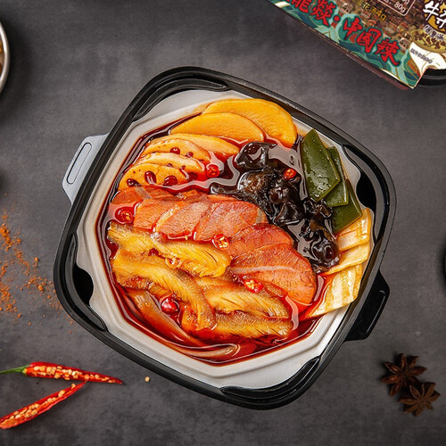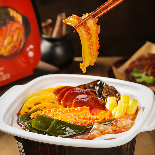 选用秘制底料,爽辣可口,让你不出门就可以吃到纯正的火锅。盒子采用PP材质,不会出现变形,可以放心食用。
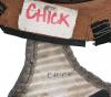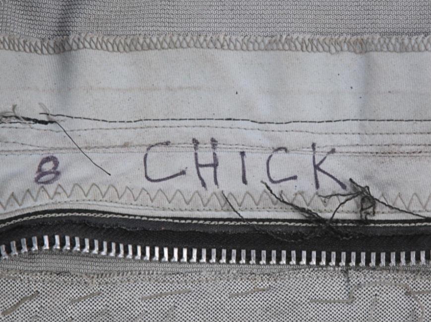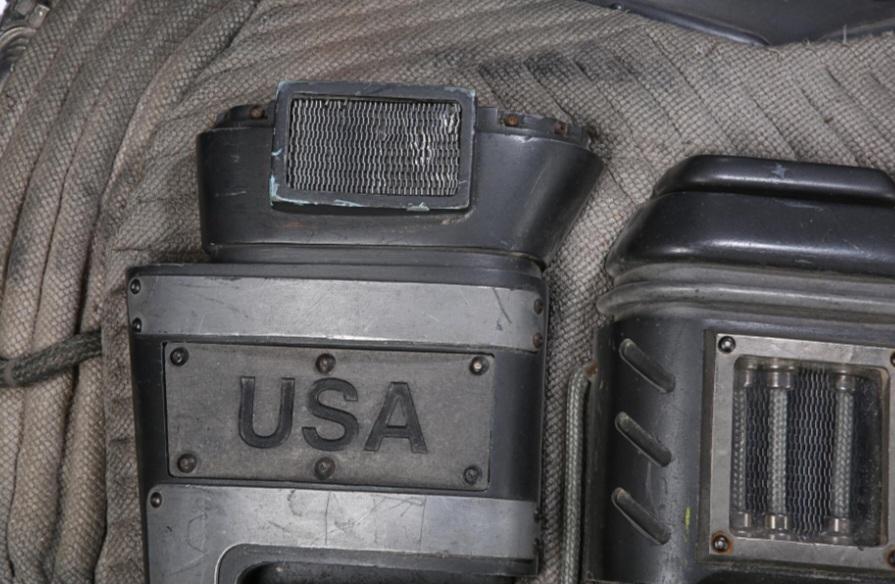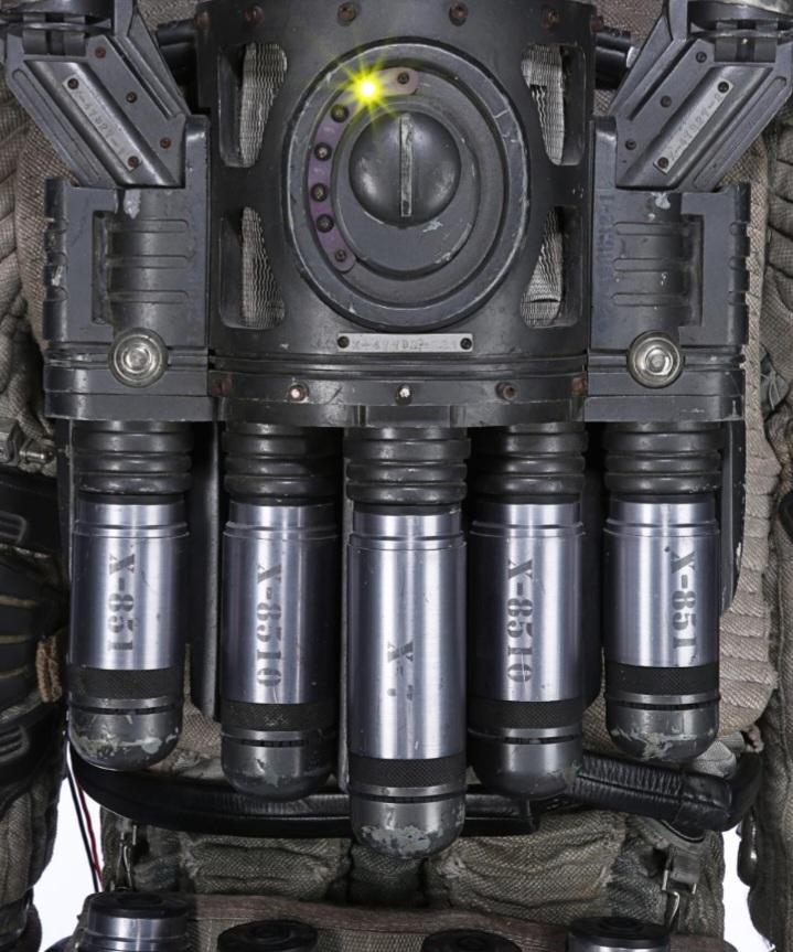 Most of the pieces have the character name "Chick" handwritten on the interior, and the suit features highly detailed metal, plastic and resin adornments. The backpack is marked "Ballast" and "Harry", suggesting that it belonged to Willis' character.
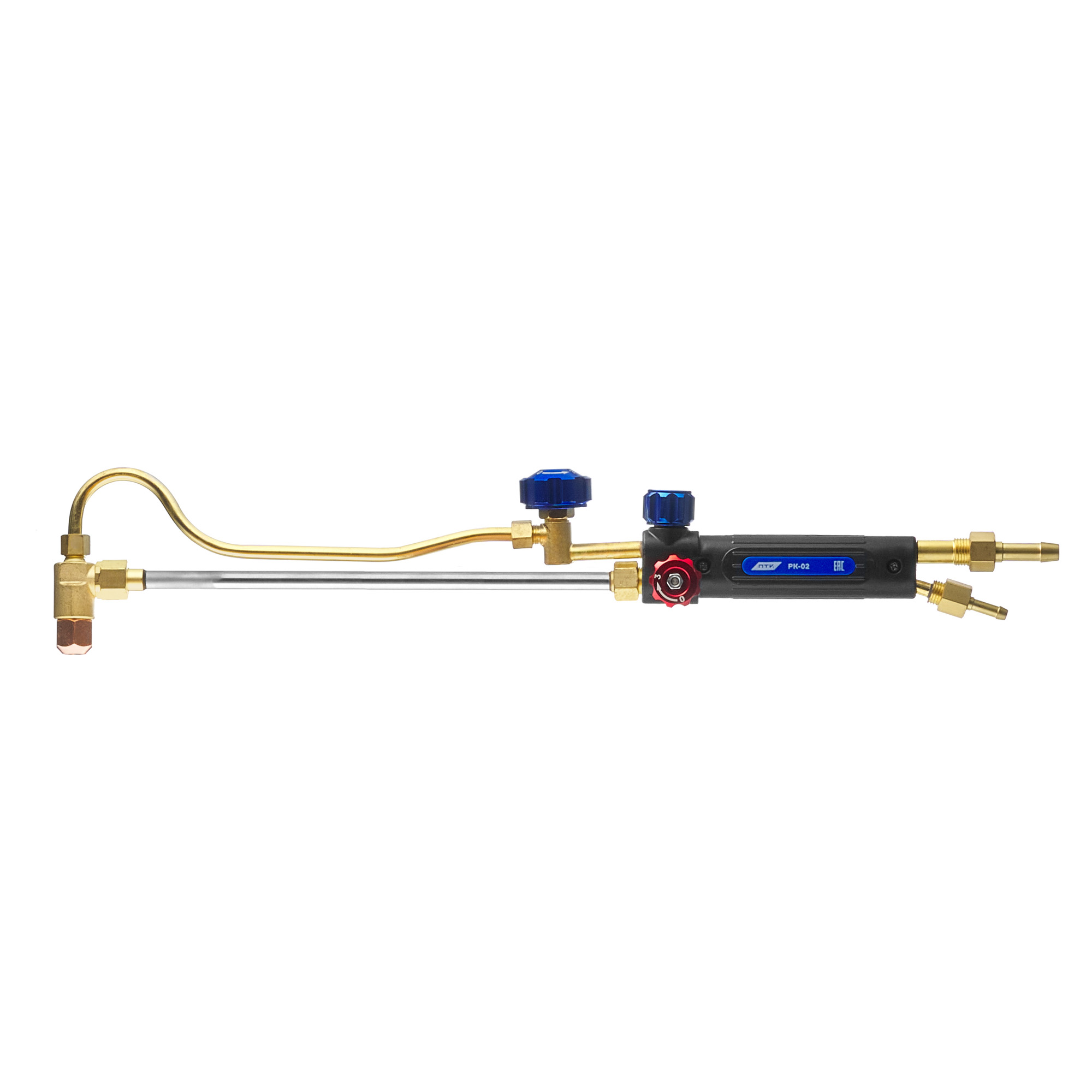 Резак жидкотопливный керосиновый РК-02 – это керосино-кислородный резак, который предназначен для ручной разделительной резки низкоуглеродистых сталей толщиной до 300 мм. В качестве горючего используется керосин осветительный по ОСТ 38.01407-86 или топлива ТС-1 по ГОСТ 320.001.499.43.011-99.Керосинорез является жидкотопливным резаком «распылительного» типа. Керосин через капиллярную трубку поступает к головке, где подхватывается кислородом подогревающим (КП) и, обогащая его, образуется аэрозоль кислородо-керосиновой смеси с последующим испарением аэрозоли в кольцевом канале между нагретыми наружным и внутренним мундштуками.Резак поставляется в сборе с наружным мундштуком №1К, с внутренними мундштуками №1К, 2К, 3К с кольцевыми зазорами для выхода подогревающего пламени и резиновым уплотнительным кольцом. Давление на входе и расход зависит от установленного внутреннего мундштука. В руководстве по эксплуатации указаны ориентировочные данные.Маркировка внутренних мундштуков и толщина разрезаемого металла:№0К (5–8 мм) – мундштук не входит в комплект поставки к резаку, приобретается отдельно.№1К (8–15 мм)№2К (15–30 мм)№3К (30–50 мм)№4К (50–100 мм) – мундштук не входит в комплект поставки к резаку, приобретается отдельно.№5К (100–200 мм) – мундштук не входит в комплект поставки к резаку, приобретается отдельно.№6К (200–300 мм) – мундштук не входит в комплект поставки к резаку, приобретается отдельно.Маркировка наружных мундштуков:№1К№2К – мундштук не входит в комплект поставки к резаку, приобретается отдельно.Особенности резака РК-02:Классическая компоновка вентилей. Конструкция схожа с газовыми резаками инжекторного типа.Полный выход на рабочий режим в течение 2-х минут.Резак укомплектован ниппелями, что позволяет использовать рукава без дополнительных переходников. Для подачи кислорода используется ниппель диаметром 9 мм и накидная гайка с резьбой M16х1,5. Для подачи керосина используется ниппель диаметром 6 мм и гайка накидная с резьбой М14х1,5.Линза присоединения трубки режущего кислорода и гайки крепления к линзе с резьбой М12х1,25 мм.Товар поставляется в индивидуальной упаковке, что исключает бой и обеспечивает сохранность комплектации во время транспортировки и хранения на складе.Комплектация РК-02:Резак жидкотопливный керосиновый РК-02 – 1 шт.Мундштук наружный №1К – 1 шт.Мундштук внутренний №1К, 2К, 3К – по 1 шт.Ниппель диаметром 6 и 9 мм – по 1 шт.Гайка накидная М14х1,5 – 1 шт.Гайка накидная M16х1,5 – 1 шт.Кольцо уплотнительное резиновое – 1 шт.Руководство по эксплуатации – 1 шт.

▬▬▬▬▬▬

Exercise:
All that is needed is the exact run of lines from the start of the material above through the one containing "Most of the", pictures left out.

Response area:
 选用秘制底料,爽辣可口,让你不出门就可以吃到纯正的火锅。盒子采用PP材质,不会出现变形,可以放心食用。
 Most of the pieces have the character name "Chick" handwritten on the interior, and the suit features highly detailed metal, plastic and resin adornments. The backpack is marked "Ballast" and "Harry", suggesting that it belonged to Willis' character.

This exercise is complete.